That's one of the potential weaknesses in the idea. Ten trillion dollars might be too much to lose in a prediction market on how long it will take for Moscow to conquer Kiev, if it happens at all, conditional on Russia invading Ukraine; but is it too much to lose in a prediction market that could swing the US election?
Observably, so far, political spammers do not obtain ten trillion dollars per US election to spend on influencing it. Arguably this is only because they haven't found an effective way to spend that much money, and we should be very concerned that a mere 50 million dollars seems to have been enough to influence the prediction market results quite seriously in this case.

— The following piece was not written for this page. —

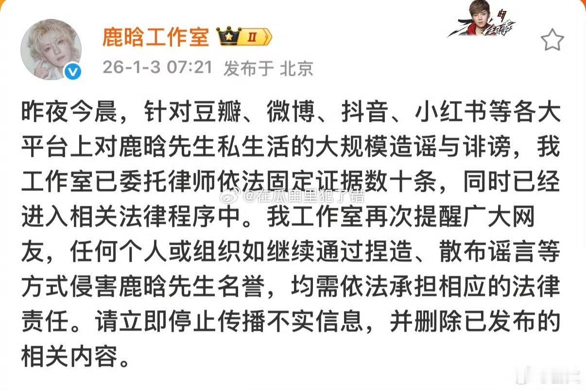 iamrooise鹿晗、范丞丞、林更新、黄明昊、王安宇工作室都发了声明

But that's not necessarily inherent to markets, even prediction markets. Foreign exchange rates were a major issue in our last election, because our rate of inflation was top in the world last year, but it isn't plausible for political parties to bet enough in forex futures markets to influence their predictions of those exchange rates—because banks bet almost 8 trillion dollars per day in the forex markets, so to intentionally maintain an irrational prediction in the market over the several months of the campaign, you'd need to be rich enough to expend roughly the entire world yearly GDP, and willing to lose it.
If sending spam required posting a bond set by the receiver, to be paid to the receiver if they decided the email was unwanted, I think you'd find that even political spammers did start to care a great deal about the cost. Until they cared, I'd set up domains with billions of potential receivers, each setting a ten-dollar bond. After the political spammers transferred their first few billion dollars to me, they'd run out of money.